Short-term vacation home rentals – such as Airbnb, HomeAway, VRBO and others – are becoming more and more common today. They are present not only in traditional vacation spots such as the Poconos, but more and more in every kind of neighborhood. Many of these short-term rentals are happening in relatively “normal” suburban or urban communities. Very often, these neighborhoods are not equipped to deal with vacationing out-of-towners using, and all too frequently abusing, one of their neighbor’s homes every week. So the question remains “are these short-term rentals violations?”

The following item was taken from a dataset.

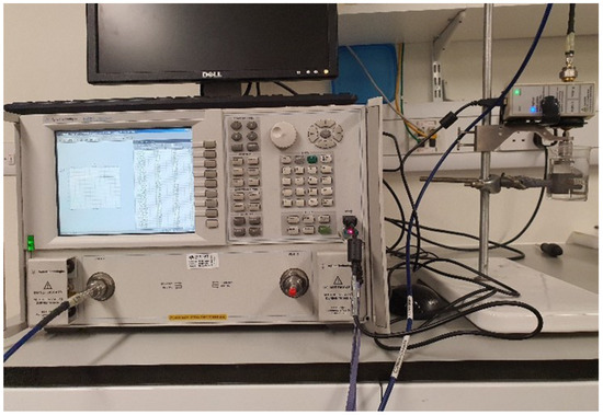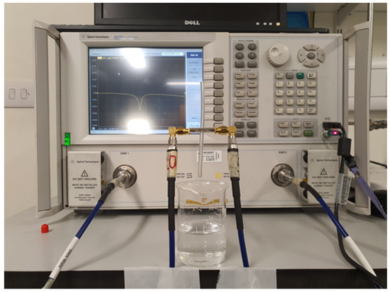 The dielectric properties (electrical permittivity) of the samples were measured using a PNA-L (N5230C) vector network analyzer (VNA) with a frequency range of 10 MHz–20 GHz and Agilent 85070 dielectric probe kit. An Agilent 85062B kit was used for electronic calibration before measurements using references of short, open air, and distilled water at 25 °C. This calibration is very crucial and plays a vital role in accurate dielectric measurements [47]. Five samples of each ethanol and methanol solution were prepared, ranging from 10% to 50% concentration with a step size of 10%. Ethanol and methanol both had a purity of more than 99% when used in the preparation of the samples. Similarly, five samples of hydrocortisone (obtained from Sigma-Aldrich, St. Louis, MO, USA) were prepared, which were 10 mg, 20 mg, 30 mg, 40 mg, and 50 mg in 200 mL of 75% methanol aqueous solution. The dielectric properties were measured in the frequency range of 0.5–5 GHz, using a calibrated network analyzer and a dielectric probe kit. The complete measurement setup for the dielectric properties’ measurement is shown in Figure 7.
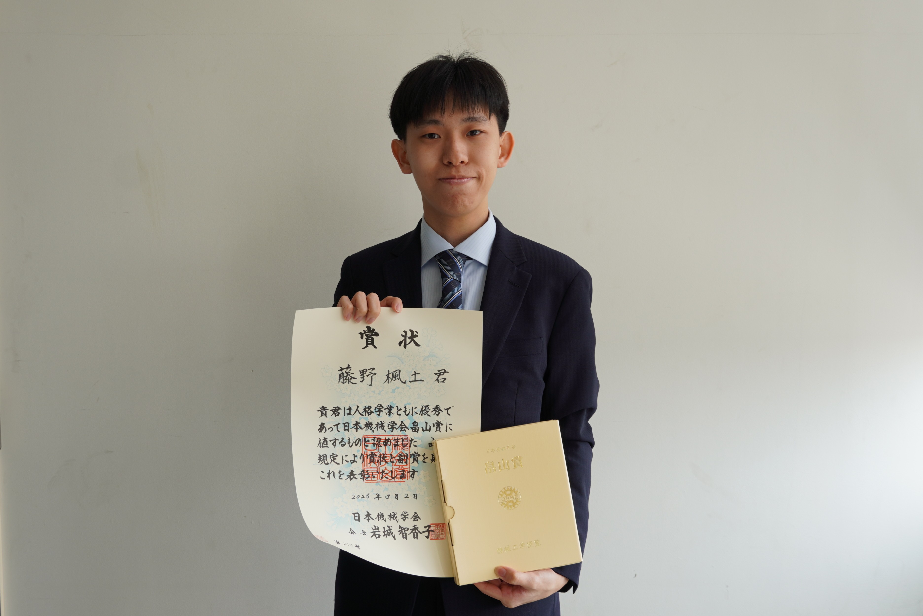 情報メカトロニクス学科4年の藤野楓土さん(三井研究室)が、日本機械学会畠山賞を受賞しました。

Pennsylvania Courts have recently said that in most cases, short-term rentals are not violations of typical single-family residential zoning provisions. In Slice of Life, LLC v. Hamilton Township Zoning Hearing Board, the Commonwealth Court continued a series of decisions on this issue. There, the owner of a home bought it strictly for rental purposes. He used it exclusively for short term rentals. The Township cited the owner for a violation of the zoning ordinance. The zoning ordinance permitted only single-family residential uses. The Township claimed that since the owner was using the house strictly as a short-term rental property, that the use was much more a “tourist home,” or a hotel or “transient lodging.” The Commonwealth Court determined that the zoning ordinance did not specifically prohibit short-term rentals in otherwise residential homes. Specifically, the Court relied on two other very recent cases (Shvekh v. Stroud Township and Marchenko v. Pocono Township Zoning Hearing Board) to say:
Airbnb has expanded the possible uses of single-family dwellings and the Township can address these new uses in the zoning ordinance. However…the property meets the definition of single-family residence because it has been “designed for or occupied exclusive for one family.” The vacation rental of the entire home bears no relation to the bedroom by bedroom rental that is the hallmark of a tourist home. . . .
The zoning ordinances in these three cases are very similar to most municipalities. Most zoning ordinances define a “dwelling” or a “single-family residence” as a structure designed for use by one family. Then, in most of the residentially zoned areas, this single-family residence is a permitted use. The Commonwealth Court has ruled three times in the last couple of years that short-term vacation rentals are not prohibited by these kinds of Zoning Ordinances.
So what can a municipality do? It is clear that if a municipality wants to restrict short-term vacation rentals in certain districts, it needs to specifically prohibit these types of uses. The specifics on how to do this are different for every zoning ordinance. Many zoning ordinances could be altered by defining a short-term vacation rental, and adjusting the definitions of hotels, lodges, boarding homes and things like that. With these definitions in place, the zoning ordinance could specifically prohibit these types of uses in certain zoning districts.
Short-term vacation rentals have very quickly become an issue in many municipalities. Municipalities should be thinking about which areas are appropriate or inappropriate for this type of use. If a municipality thinks that a short-term vacation rental is inappropriate in a zoning district, it needs to take affirmative steps to specifically prohibit this kind of use. Otherwise, short-term vacation rentals are probably allowed in every neighborhood throughout the municipality.